--- WHAT IS REQUIRED ---
An exact copy is needed of the lines in the entries below from the line with "Celebrate your moments" up to and including the line with "太陽のように明るいひまわりを", and of nothing else. Leave the pictures out.

── EXERCISE MATERIALS ──

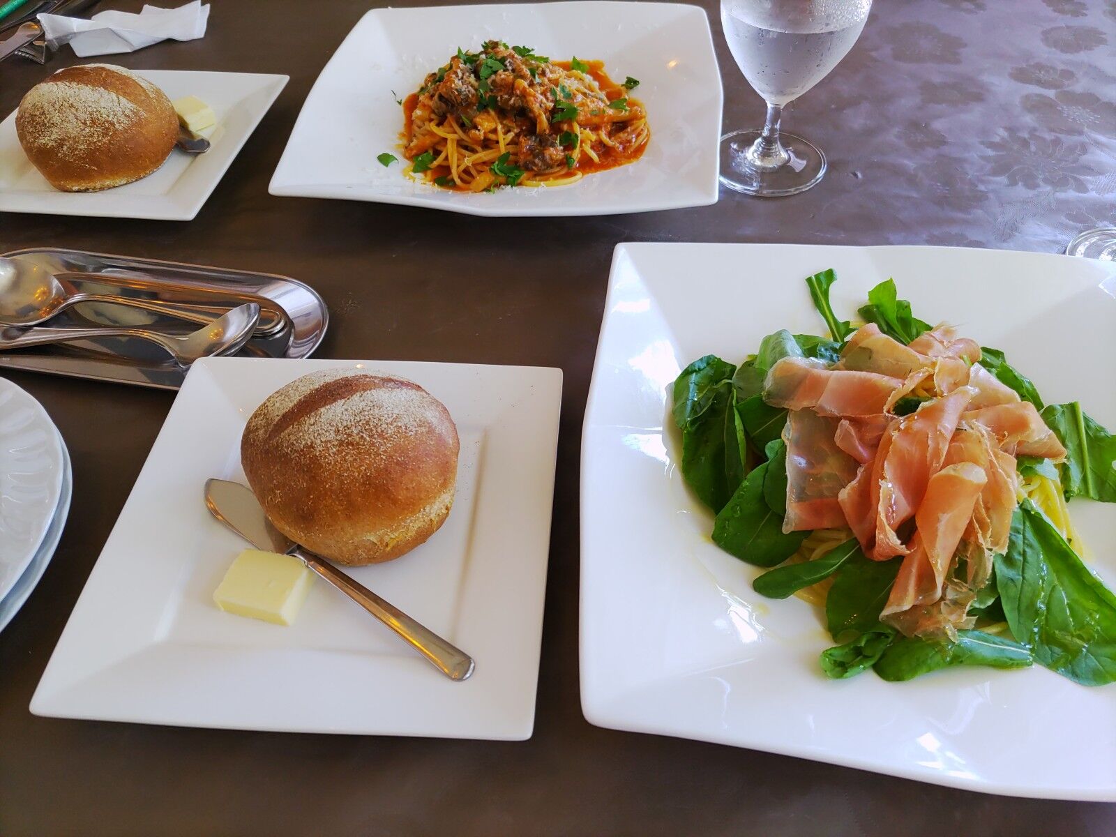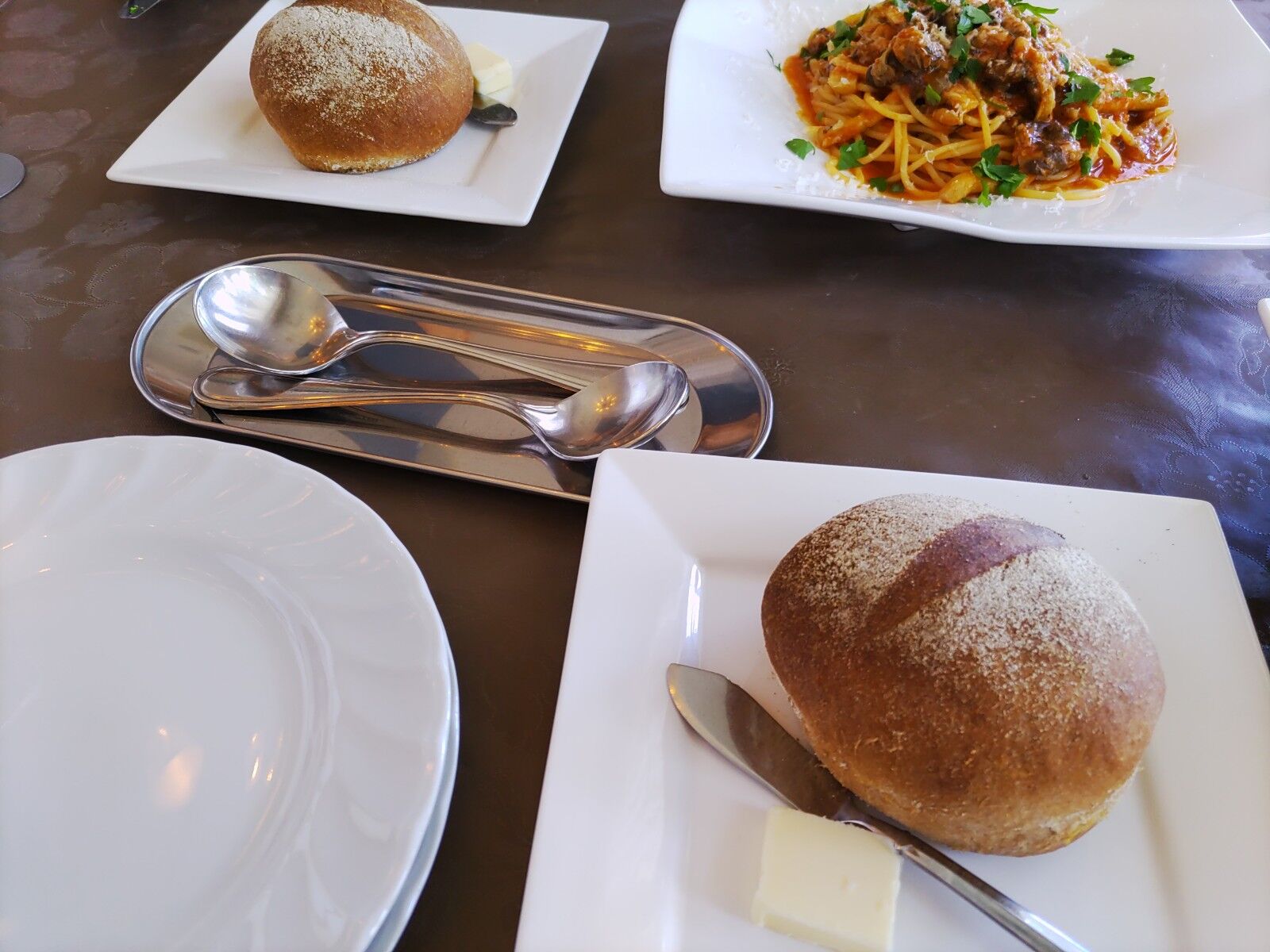 茄子とパンチェッタのアラビアータパスタだったかな? パン200円を付けて1800円
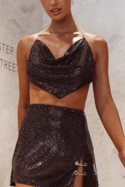 Jaws will drop when you strut by in our super hot Aleigh crop top. We are obsessed with its open back and chain straps. Perfect for a glam girls’ night out at your fave rooftop bar. Team it with platform heels and its matching mini skirt for a look that will turn heads.
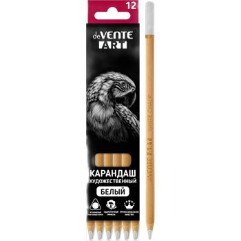Карандаш художественный "deVENTE. Art" белый, для рисования на черной бумаге, трехгранный, в корпусе из натурального дерева, в картонной коробке
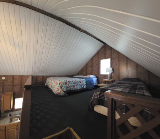 Cabins - 1 queen bed downstairs. 1 queen and 1 twin in the open loft. Kitchenette, Directv dishes and linens. Four of the Cabins have a screened in porch.
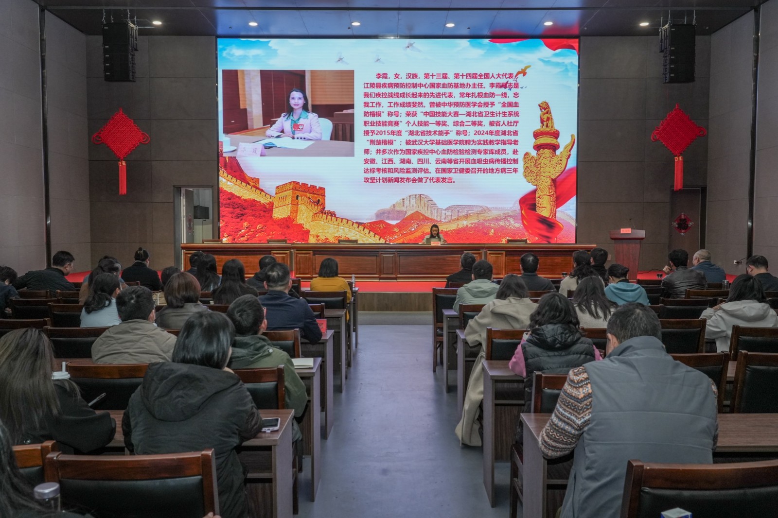 李霞是第十三屆、第十四屆全國(guó)人大代表,江陵縣疾病預(yù)防控制中心國(guó)家血防基地辦主任。李霞從全國(guó)兩會(huì)概況、全國(guó)兩會(huì)精神、湖北代表團(tuán)活動(dòng)情況、個(gè)人履職情況四個(gè)方面作了宣講報(bào)告。全國(guó)兩會(huì)于2025年3月5日至11日在北京舉行,近3000名全國(guó)人大代表出席會(huì)議,在7天的會(huì)期里,圓滿完成了7項(xiàng)議程。大會(huì)期間,習(xí)近平總書(shū)記先后參加了江蘇代表團(tuán)審議,看望了民盟、民進(jìn)、教育界委員,并參加聯(lián)組會(huì),出席了解放軍和武警部隊(duì)代表團(tuán)全體會(huì)議,發(fā)表了一系列重要講話,深刻闡釋了事關(guān)我國(guó)發(fā)展戰(zhàn)略和全局的一系列重大問(wèn)題,為推動(dòng)中國(guó)式現(xiàn)代化邁出新的堅(jiān)實(shí)步伐,指明了前進(jìn)方向、提供了根本遵循。李霞代表兩會(huì)期間認(rèn)真履職,積極建言獻(xiàn)策,提交了《關(guān)于積極推進(jìn)動(dòng)態(tài)增加國(guó)家免疫規(guī)劃疫苗種類(lèi)的建議》等8份建議,為湖北和荊州加強(qiáng)支點(diǎn)建設(shè)、實(shí)現(xiàn)高質(zhì)量發(fā)展提出了寶貴建議。深入學(xué)習(xí)貫徹全國(guó)兩會(huì)精神和習(xí)近平總書(shū)記重要講話精神,是當(dāng)前和今后一個(gè)時(shí)期的重要政治任務(wù)。
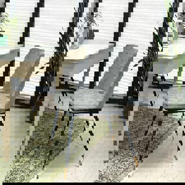 The Eclipse Luxe Chair – with Black Legs and Gold-Tipped Legs (set of 2) offers the perfect balance of modern style and everyday comfort. Upholstered in plush grey fabric, this dining chair features a cushioned seat and backrest, making it as practical as it is elegant.
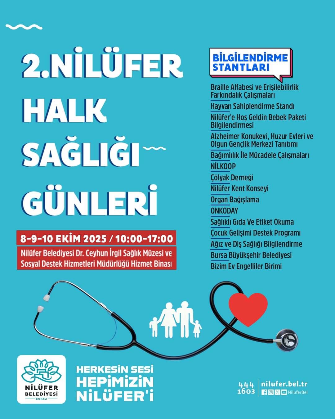 Nilüfer Belediyesi, halk sağlığını koruma ve geliştirme amacıyla önemli bir organizasyona imza atıyor. 8-9-10 Ekim 2025 tarihlerinde gerçekleştirilecek “2. Nilüfer Halk Sağlığı Günleri” etkinliği, Nilüfer Belediyesi Sosyal Destek Hizmetleri Müdürlüğü Hizmet Binası'nda vatandaşların hizmetine sunulacak.
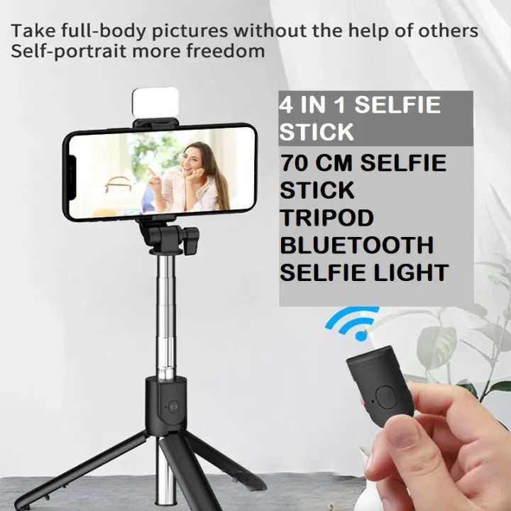 The R1S Selfie Stick is a versatile 4-in-1 tool combining a selfie stick, tripod, selfie light, and Bluetooth remote. It offers stability, lighting, and convenience for perfect photos and videos every time.
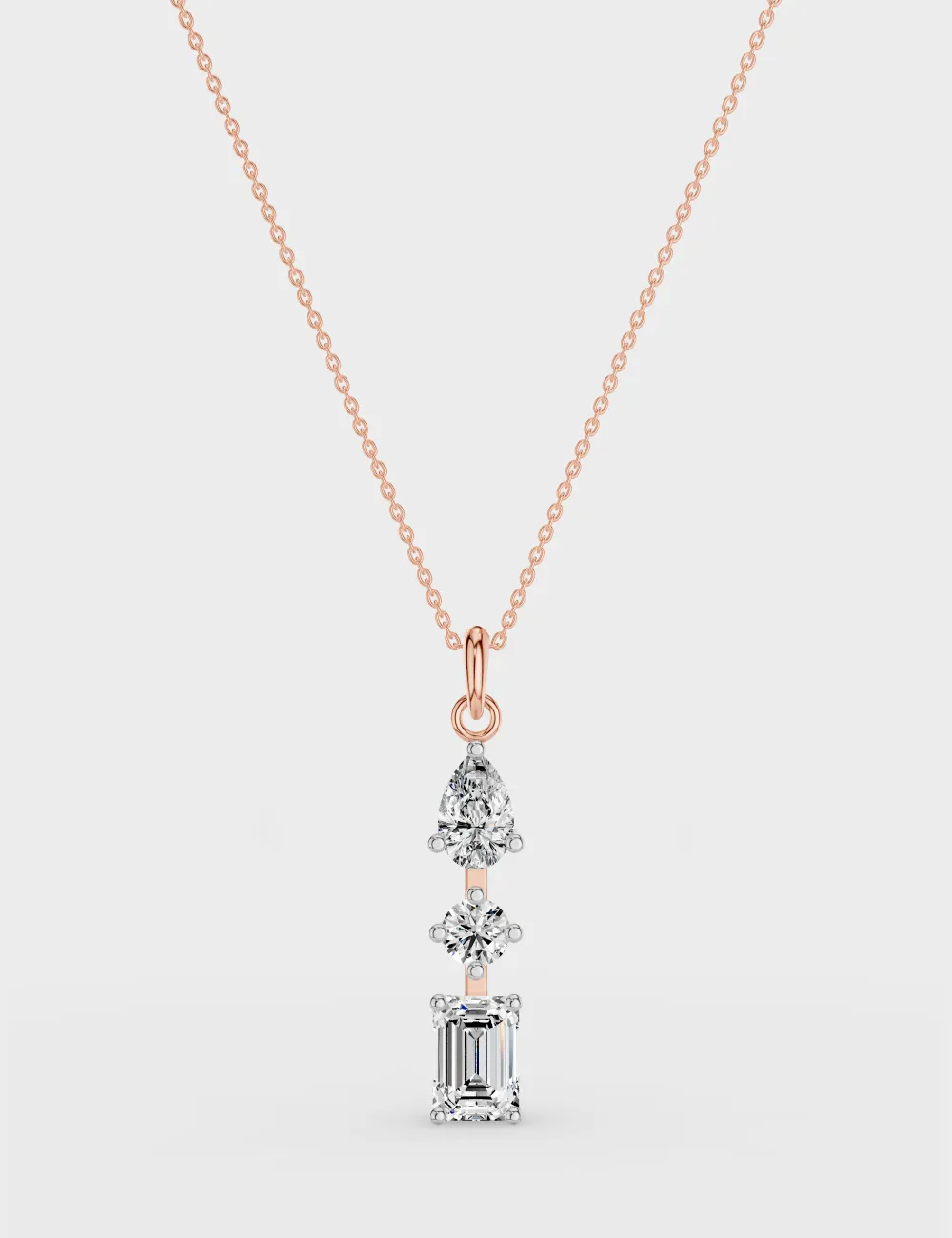 Celebrate your moments with pieces that sparkle with meaning. This chic pendant showcases a trio of pear, brilliant, and emerald-cut diamonds in a sleek vertical drop. Minimalist yet striking, it’s perfect for everyday elegance or evening glamour.
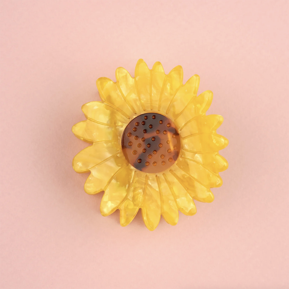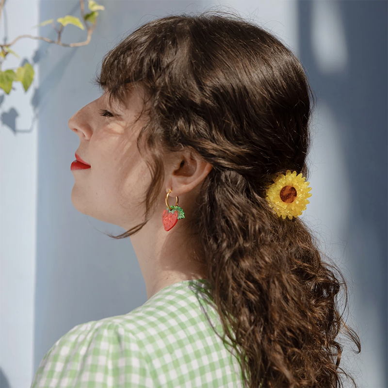 太陽のように明るいひまわりをモチーフにした、レトロな雰囲気が可愛いヘアクリップ。
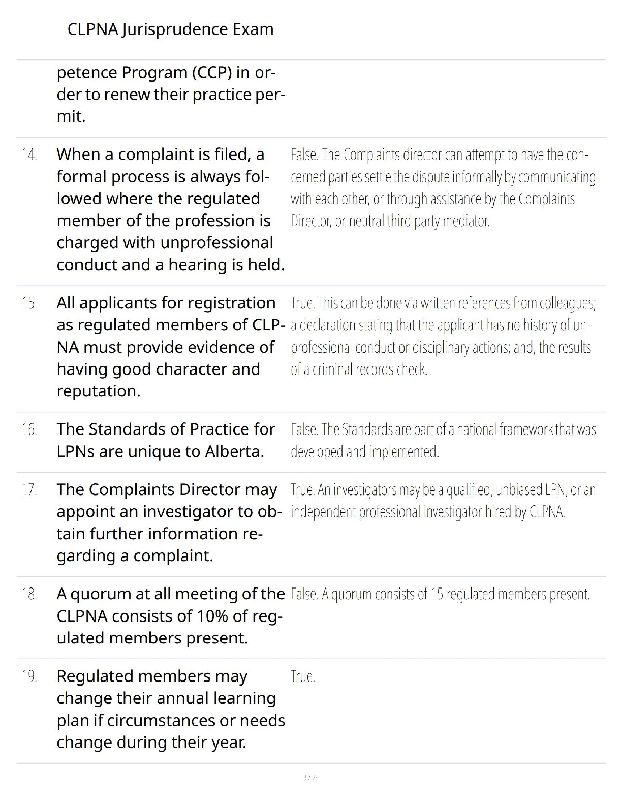 Achieve licensing success on your first attempt with our comprehensive test bank for the CLPNA Jurisprudence Exam. This essential study resource provides a complete set of verified questions, each paired with a correct answer and a detailed rationale. Master the core principles of nursing jurisprudence in Alberta, including the Health Professions Act, LPN regulations, ethical codes, and professional standards. Our meticulously prepared guide is designed to give you the confidence and knowledge needed to pass the exam, ensuring you are fully prepared for a successful career as a Licensed Practical Nurse in Alberta.
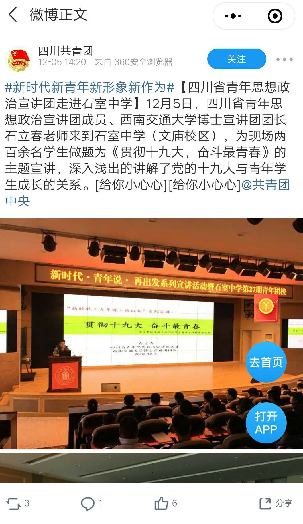 石立春博士赴石室中学宣讲党的十九大精神
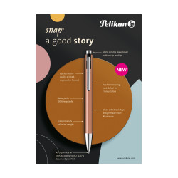 | Der Snap®-Kugelschreiber zeichnet sich durch seine formal klare Formsprache aus, die für Menschen mit einer Vorliebe für puristisch minimalistische Ästhetik gemacht ist. Dieser Designansatz wird mit einer perlmuttartigen Lackierung kombiniert, die den hochwertigen Gesamteindruck unterstreicht. Namensgebend für den Kugelschreiber mit Druckmechanik ist sein Clip. Beim Ausfahren der Mine schnappt er in die Drückermechanik ein. Durch Druck auf den oberen Teil des Clips wird die Mechanik entriegelt und die Mine eingefahren. Der Snap®-Kugelschreiber ist größtenteils aus recyclefähigem Metall gefertigt. Sowohl der Drücker als auch der Aluminium-Schaft sind zylindrisch geformt. Diese Form geht in die konische Messing-Spitze über. Die im Vergleich zu Aluminium schwere Messing-Spitze sorgt dafür, dass der Schwerpunkt zur Spitze verlagert wird, wodurch ergonomisch optimiertes Schreiben möglich wird. Das Gerät ist ausgestattet mit einer auswechselbaren Großraummine mit weicher Spitze (Größe M) und einer blauen, nach ISO 12757-2 dokumentenechten, Paste. Während Drücker, Clip und Spitze glänzend verchromt sind, ist der Aluminium-Schaft perlmuttartig lackiert. Dadurch erhält das Gerät seine metallisch-schimmernde Optik, die es in den Farben Silber, Platin, Gold, Rose-Gold, Kupfer und Frostblau gibt. |
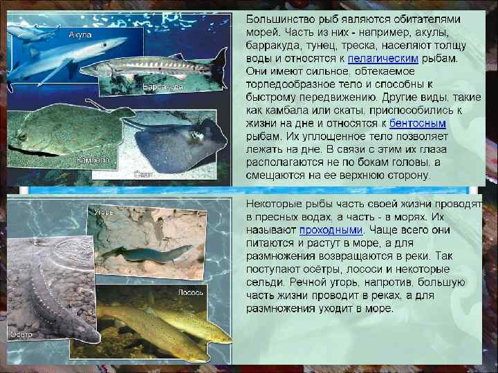 ЭКОЛОГИЧЕСКИЕ ГРУППЫ РЫБ МОРСКИЕ 1 ПРОХОД 2 НЫЕ ПРЕСНО 3 ВОДНЫЕ СОЛОНО 4 ВАТЫЕ
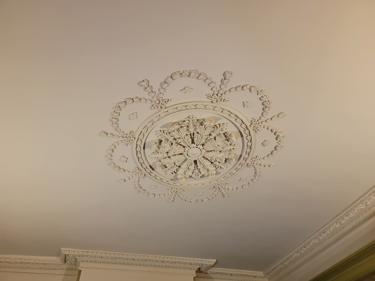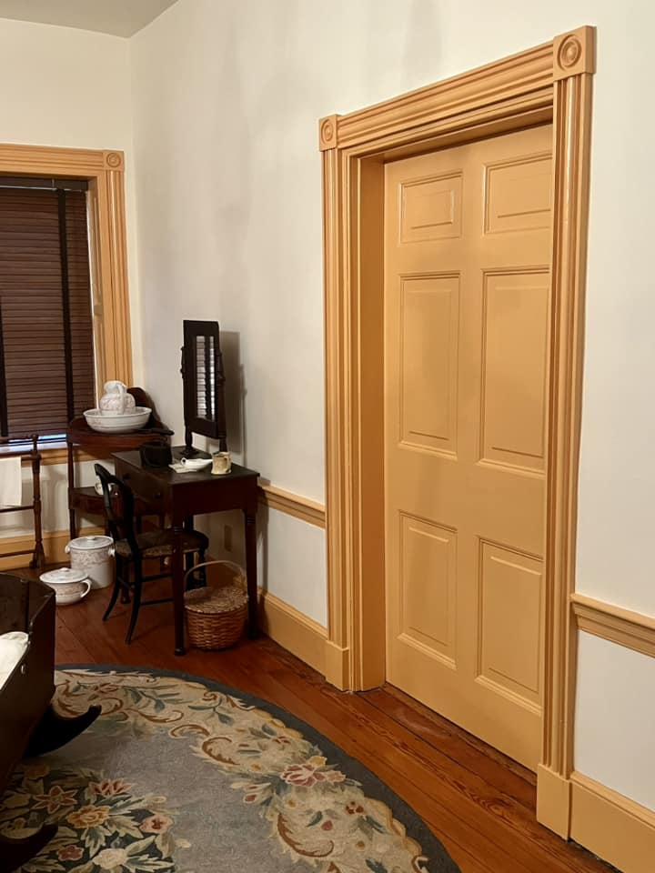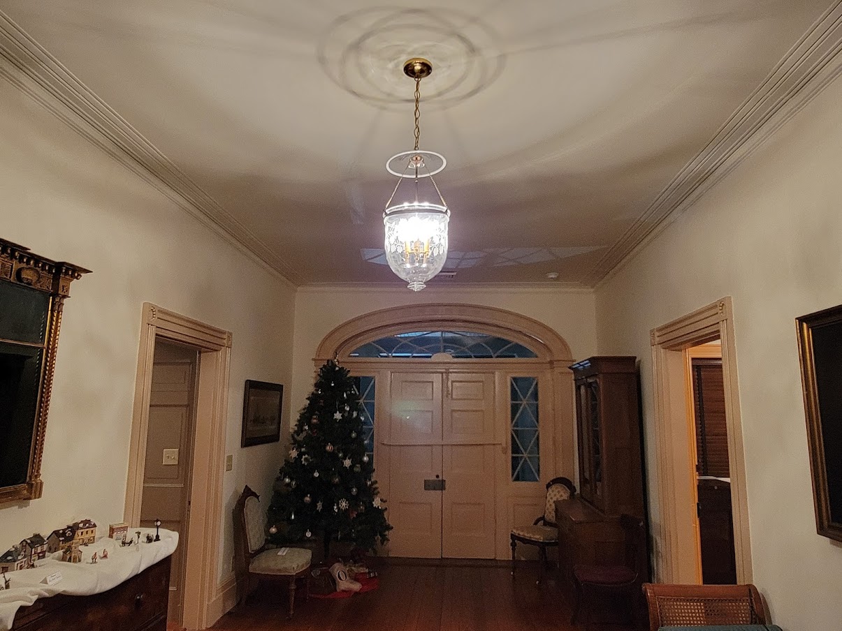 The well-preserved house was based on designs from Asher Benjamin’s American Builder’s Companion (1806), an architectural pattern book used widely by Virginia builders. The house retains virtually all of its ornate woodwork; most significant are elaborate ceiling medallions and the Federal mantels with slender Ionic columns supporting an embellished entablature and deeply molded cornice. The house was restored in the 1970s, with extensive marbelizing and the installation of Zuber scenic wallpaper. In 1984 the site was acquired by Chesterfield County and is now a museum administered by the Chesterfield Historical Society. A variety of living history programs offered at Magnolia Grange bring the 19th century to life.
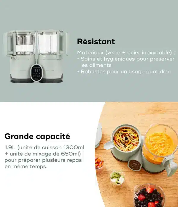 Contrairement aux bols en plastique, le robot Nutribaby Glass assure une préparation sans transfert de goût ni de particules indésirables. Le verre est un matériau naturel, hygiénique et durable, qui garde intacte la saveur des fruits, légumes et viandes. Avec sa cuisson vapeur express, vous gagnez du temps tout en offrant à votre enfant des repas de qualité.
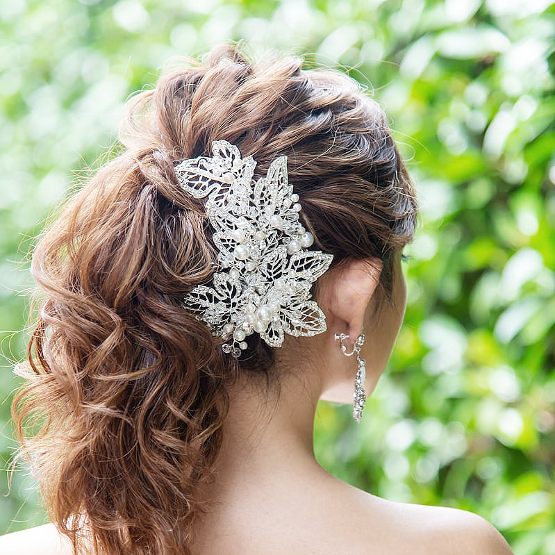 日本製 (預訂) 珍珠水晶石鑲嵌葉子髮飾 (付夾子)

───

--- YOUR SOLUTION ---
 Celebrate your moments with pieces that sparkle with meaning. This chic pendant showcases a trio of pear, brilliant, and emerald-cut diamonds in a sleek vertical drop. Minimalist yet striking, it’s perfect for everyday elegance or evening glamour.
 太陽のように明るいひまわりをモチーフにした、レトロな雰囲気が可愛いヘアクリップ。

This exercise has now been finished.